Ese invierno la tía Arcadia se negó a cuidarse del frío y salió como siempre a las seis de la mañana a dar su larga caminata. Al otro día, cuando la visitamos nos comentó que se sentía afiebrada y muy cansada. Nos fuimos temprano y le pedimos que nos llamara si necesitaba algo. Pues en algún baúl tendrá su teléfono, supusimos.

Pero a la semana siguiente no nos abrió la puerta el día de visita y temimos algo raro. Llamamos a los mayores que jamás la visitaban, después a los vecinos que confirmaron que hacía muchos días no la veían. Finalmente, llamaron a la policía quien después de 48 horas tuvo orden de abrir la casa.

La casa lucía inquietante con sus baúles. Sólo el que tía Arcadia usaba como cama contenía su cuerpo adentro. Era macabro: el baúl estaba abierto con la tía muerta adentro. Impecable como si durmiera estaba, pero después, el forense dijo que hacía tres o cuatro días que había muerto.

Nadie explicó ni preguntó demasiado. Los más curiosos abrieron un par de baúles y al no ver nada adentro, perdieron interés y se fueron. Nosotras nos quedamos en la casa esa noche. A la tía la llevaron a la morgue. El sepelio al otro día, después de la autopsia. Nosotras insistimos en quedarnos, éramos las únicas que la visitábamos desde hacía un año.

La verdadera razón era abrir los baúles. Ya sabíamos en cuál de ellos estaban las llaves de los cerrados. Nos dimos a la tarea apenas comenzó a caer la tarde. Abrimos todos, todos, los infinitos baúles.

No encontramos nada! Ni una cuchara, ni una taza, ni un abrigo, ni un solo objeto de valor o sin él. Era la casa más paupérrima del mundo, pero estaba llena de baúles que quién sabe qué secretos guardaban.

La renga

Daba pena verla. Tan joven y bonita y con una renguera tremenda. Iba vestida con un equipo de gimnasia de los caros.

Cuando la vi hacer fila entre dos discapacitados me pareció normal.
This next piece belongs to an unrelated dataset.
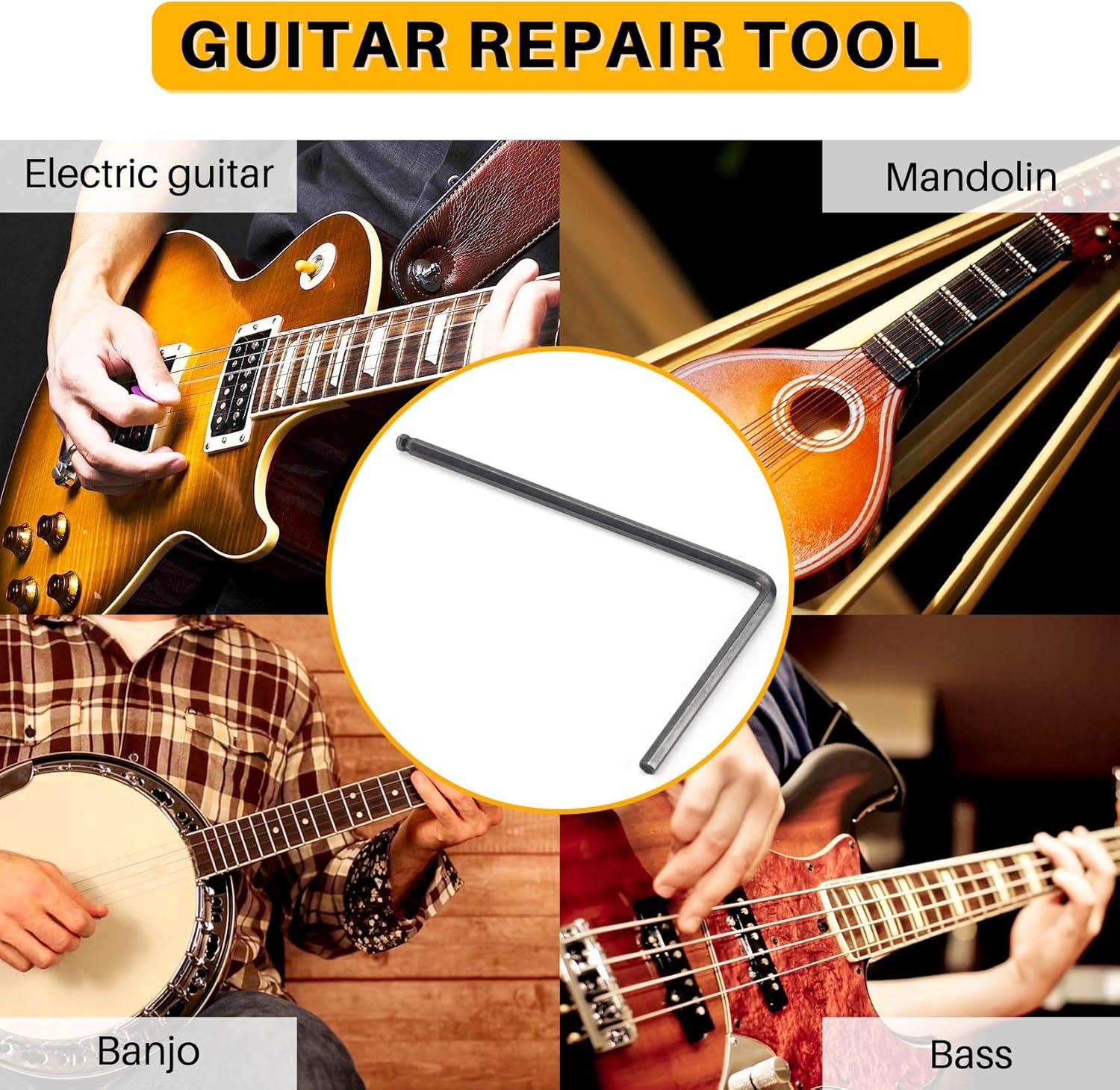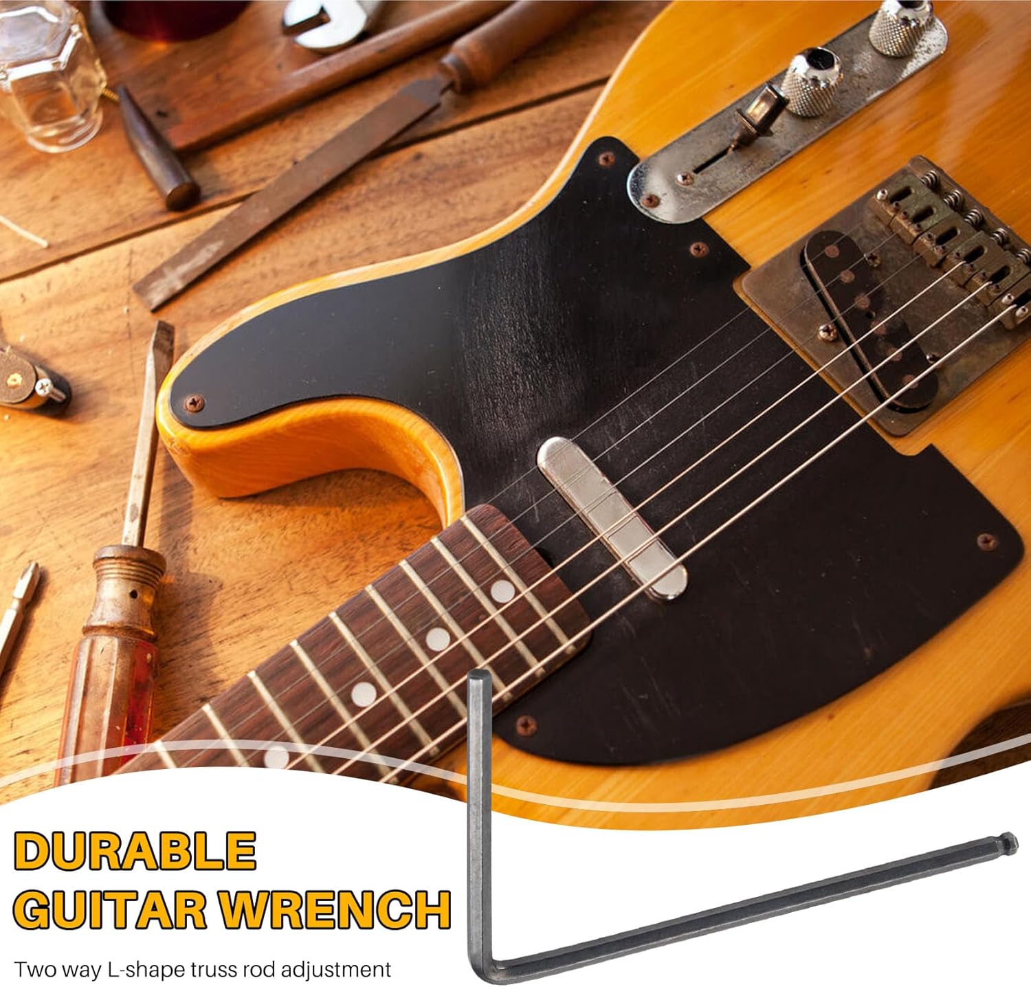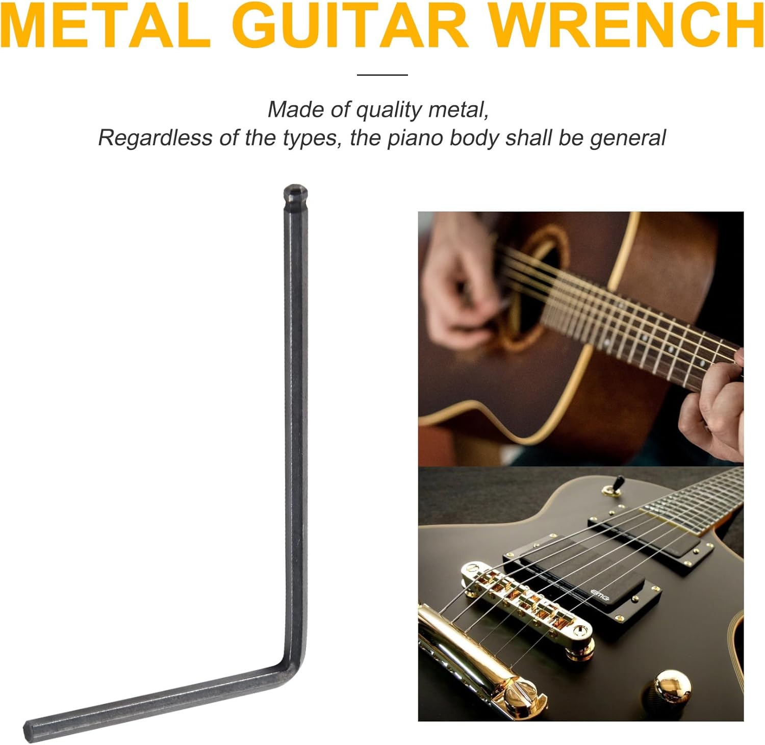 Chiave per collo specializzata per foro di regolazione del collo della chitarra relativamente profondo Regolazione truss a forma di L a due vie Per e la maggior parte della chitarra acustica Regola il manico della chitarra, adatto per chitarra , indipendentemente dal tipo, il corpo del pianoforte deve essere generale Materiale: metallo

Se las arreglaría para evadir esas colas interminables en los aeropuertos internacionales.

El tema fue con la seguridad del aeropuerto. La chica tenía una pierna ortopédica, me dio aún más pena.

Luego nos vimos en el avión. Ella estaba dos filas delante de mí. Parecía nerviosa. Me imaginaba lo que era explicar en cada vuelo y en cada puerta de seguridad que llevaba una pierna metálica.

Y todo marchó bien. Un buen despegue y en hora. Entonces la chica con una agilidad increíble trepó a su asiento y avisó que su pierna era una bomba. Secuestró el avión.

Nos desvió a un rumbo incierto. Estoy escribiendo en el blog de notas de mi celular.

Nunca tuvo pierna ortopédica. Era contorsionista y llevaba completamente doblada la rodilla. La pierna metálica contiene una bomba que nos matará de no llegar el avión al destino que le ordenó al piloto.